Thu, Oct 27, 2005 - Page 8 News List

Editorial: Pensions mess must be solved

Reassessment of the Statute Governing Preferential Treatment to Retired Presidents and Vice Presidents (卸任總統副總統禮遇條例) was the main topic of discussion at the Chinese Nationalist Party's (KMT) weekly Central Standing Committee yesterday, during which former chairman Lien Chan's (連戰) son, Lien Sheng-wen (連勝文), proposed that the party slash all pensions and benefits for retired presidents and vice presidents.

While Lien Sheng-wen's proposal has been dubbed by the pro-China media as an act of "honor and justice," as it would impact on his father's income, when looking at his proposal in more detail, it turns out to be nothing of the sort.

Retired presidents and vice presidents qualify for a monthly pension of about half their salary, as well as allowances for office space, staff and other expenses.
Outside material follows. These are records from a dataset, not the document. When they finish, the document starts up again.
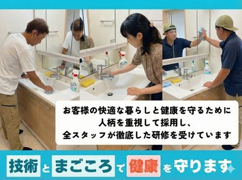 汚れに応じた洗剤の適切な濃度調整や、素材を傷めないようブラシ・スポンジ・高圧洗浄機の使い分けにはこだわっています。「強い洗剤を使えば落ちる」ではなく、「素材に優しく、最も効率よく汚れを落とす方法」を熟知しています。 プロの技術で、見た目だけでなく、清潔で快適な空間を長持ちさせることを心がけています!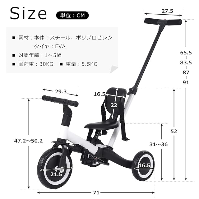 【ハンドル&サドル調整可能】ハンドルの角度調節ができ、子供の成長に合わせて使用できます。 お子様の成長に応じて、ハンドルは上下階調節ができます。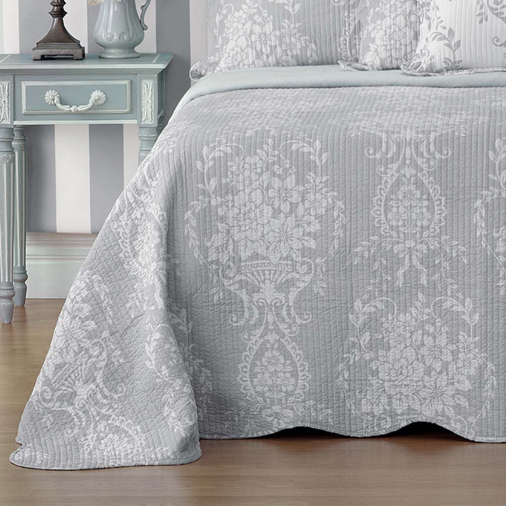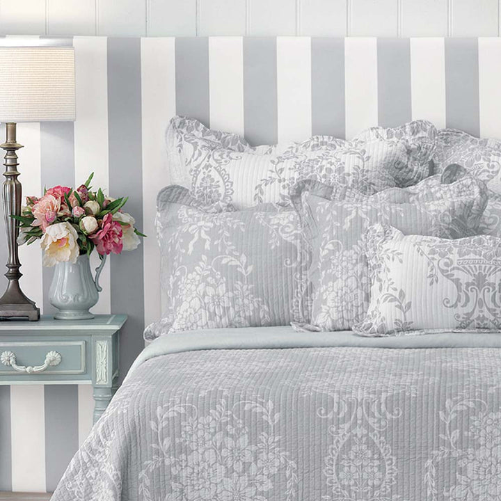 Bianca Florence Grey King Bed Bedspread Set is inspired by a french provincial boudoir and is printed on beautiful soft textured fabric. It features a scalloped edge and coordinate european pillowcases and cushions.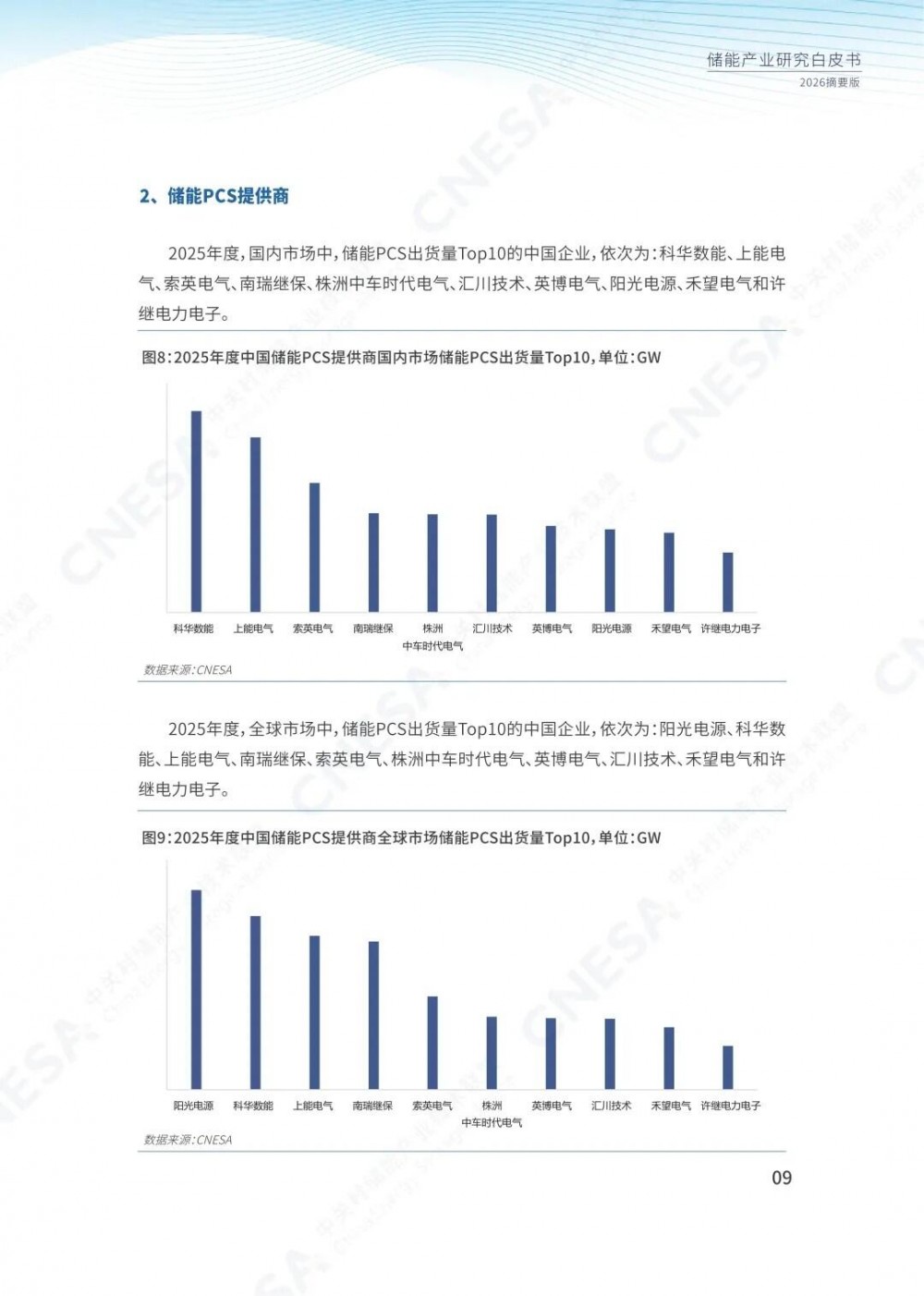 2025年度,国内市场中,储能PCS出货量Top10的中国企业,依次为:科华数能、上能电气、索英电气、南瑞继保、株洲中车时代电气、汇川技术、英博电气、阳光电源、禾望电气和许继电力电子。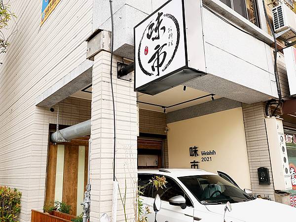 「味市お料理」位在中清路上,低調且不算寬敞的門面,讓我開著導航都差點過頭,這邊大約可以停放兩台汽車,周邊機車位倒是不少。濃濃木造日式風格的外觀相當典雅,雖然低調但非常有質感。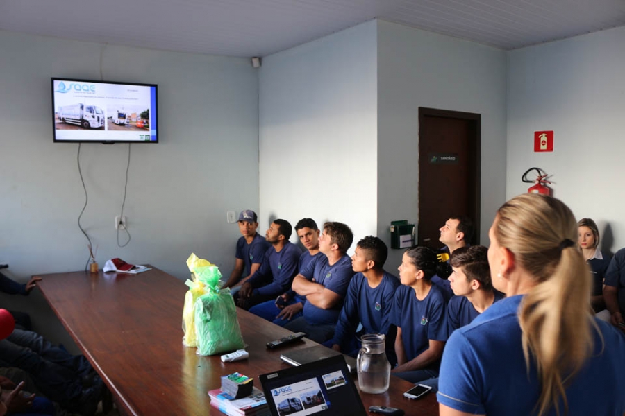 A primeira ação foi realizada na empresa Popcorn, que está realizando a 2ª Sipat. A engenheira sanitarista Angela Emanuele Casonatto ministrou palestra aos colaboradores sobre a correta separação do lixo domiciliar e também sobre o sistema de coleta mecanizada existente no município.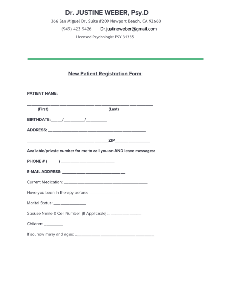 Dr. JUSTINE WEBER, Pay. D 366 San Miguel Dr. Suite #209 Newport Beach, CA 92660 (949)4239426Dr.justineweber@gmail.comLicensed Psychologist PAY 31335 Patient Registration Form: PATIENT NAME: ___ (First)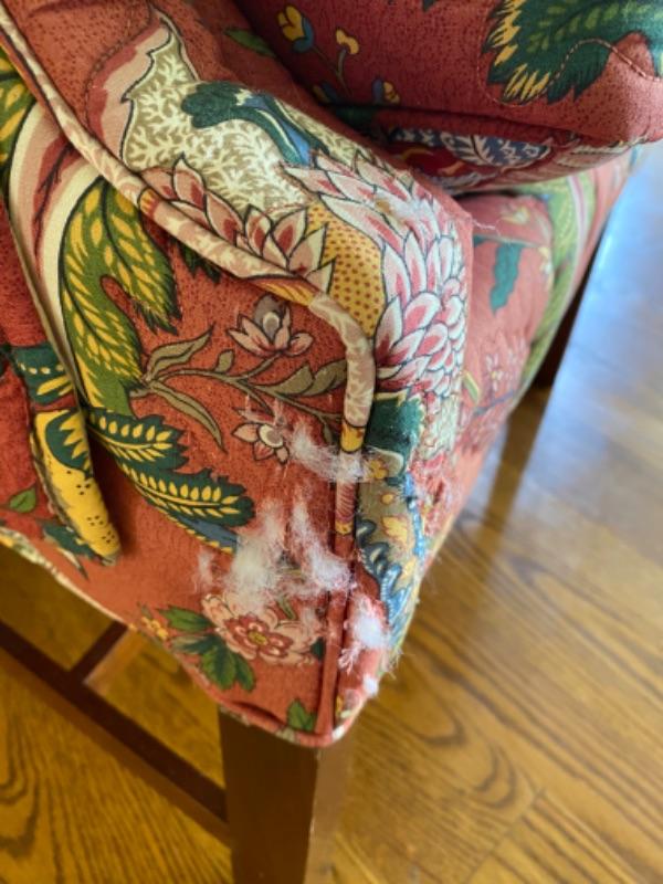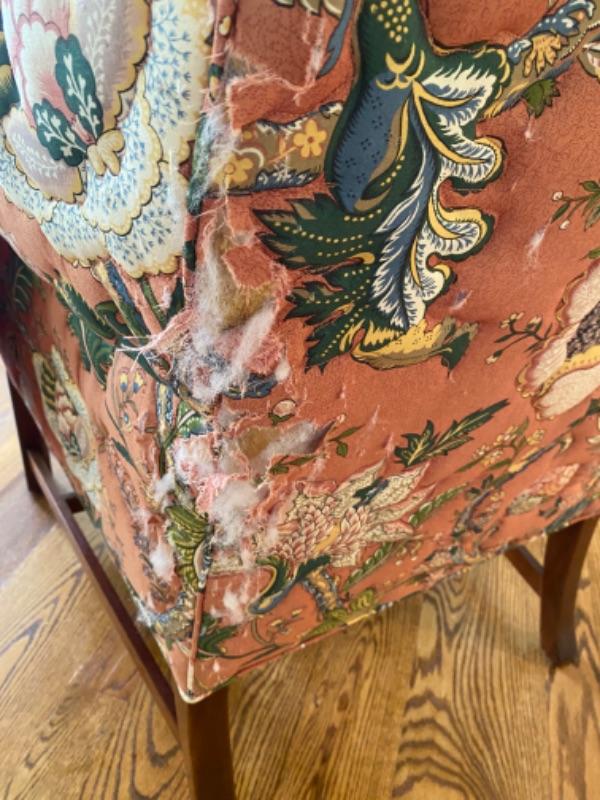 This chair has cat damage otherwise would be great re-upholstered in your fabric.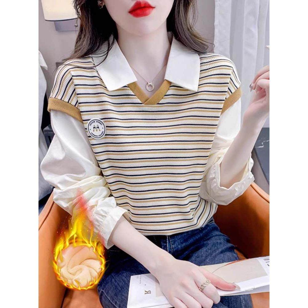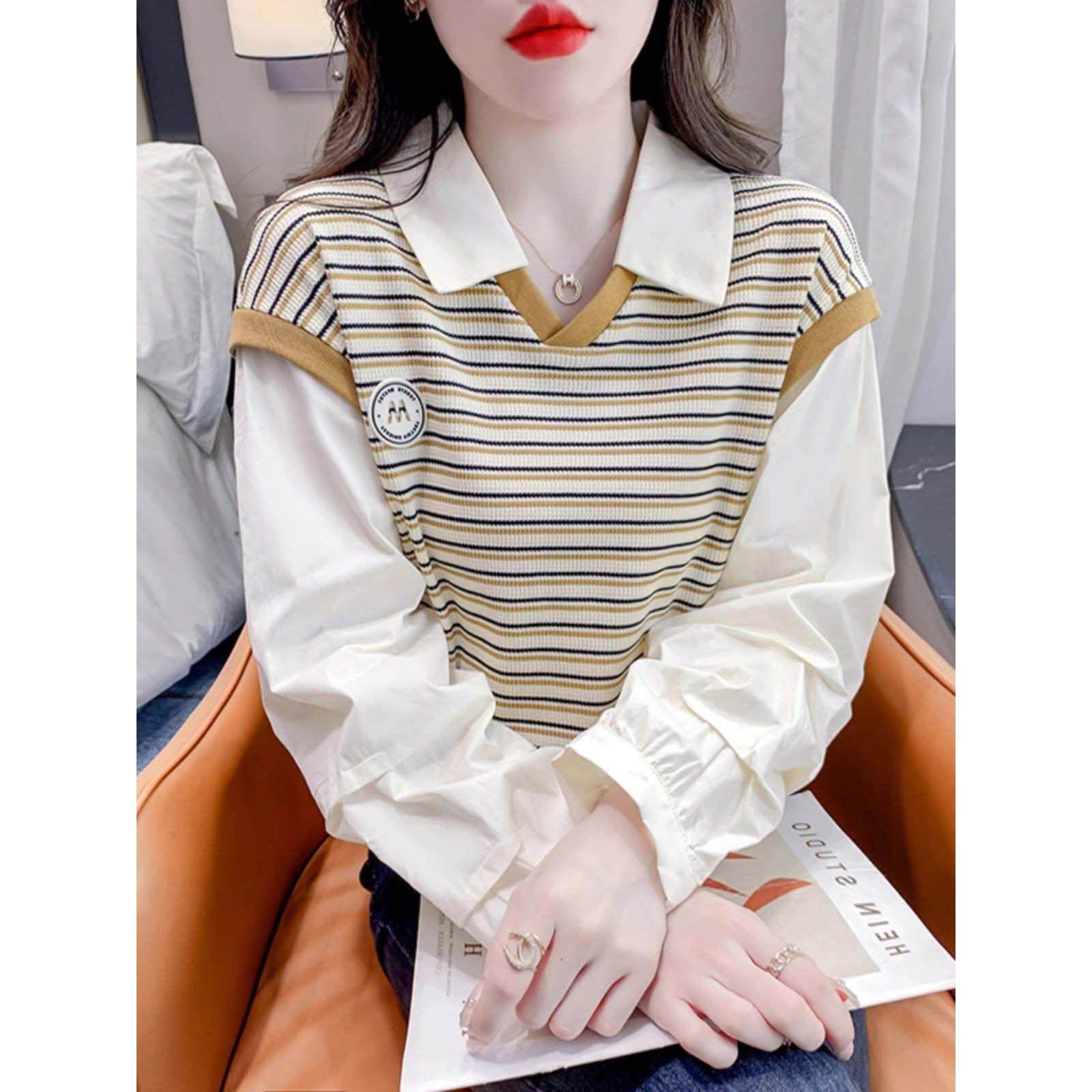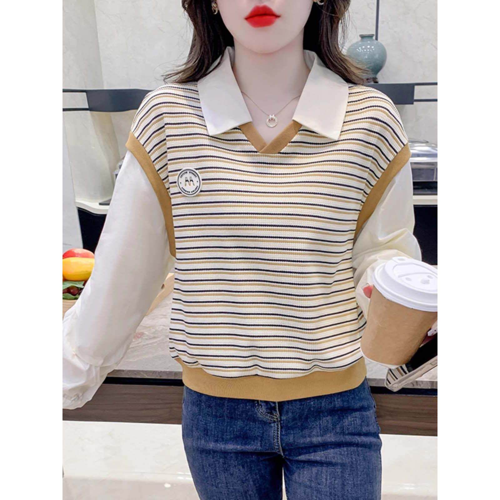 首页> 女装> polo领针织衫女士春秋薄款2025新款假两件条纹毛衣打底衫内搭上衣

They can choose between the benefits provided by the statute or a special 18 percent preferential rate.

Under the law, a former president and vice president together get an annual pension of NT$52 million (US$1.54 million) with 3 percent annual growth adjusted for inflation.

Before the KMT administration handed power to the Democratic Progressive Party (DPP) in 2000, it "tailored" the law to include the vice president.

Lien Chan henceforth has been receiving NT$470,000 a month in retirement benefits, including NT$220,000 generated from the 18 percent rate on his 12 million pension deposit.

His monthly pension exceeds the monthly paycheck of President Chen Shui-bian (陳水扁), at NT$460,000. Even Lien's old boss, former president Lee Teng-hui (李登輝), lags behind him in the earning stakes. Lee chose the benefits and currently receives NT$410,000 monthly.

Let's not forget to mention that Lien is still entitled to government-funded housing, offices and a number of cars, chauffeurs and security guards.

Of course Lien Sheng-wen doesn't mind abolishing the statute because his father, the former vice president, chose the 18 percent preferential rate which generates a more handsome monthly return in his bank account than the statute that he wants abolished provides.

KMT Chairman Ma Ying-jeou (馬英九) said that China Steel Corp (中鋼) chairman Lin Wen-yuan's (林文淵) NT$44 million (US$1.3 million) bonus was "legal, but unreasonable and inappropriate." Shouldn't Ma apply the same standard to Lien?

Lien is currently enjoying another trip to China, his second in less in six months. Lien has conducted himself shamefully by fawning to the enemy, and seems to be a willing participant in China's plans to annex Taiwan.

The benefits enjoyed by Lien would easily make him the envy of former US vice president Al Gore.

Gore enjoys no such preferential treatment. He received a seven-month relocation allowance, he drives his own car and gets stuck in traffic like the rest of us, and as recently as last month he was issued a speeding ticket and had to pay a fine of US$141.

Gore is treated like a normal citizen, while Lien lives the good life. Every year a whopping NT$2.7 million is taken from taxpayers to subsidize life-time preferential treatment for Lien, who is already one of the richest men in Taiwan's political arena.

This unreasonable situation obviously calls for a change. For the sake of everyone in Taiwan, the law is in serious need of amendment.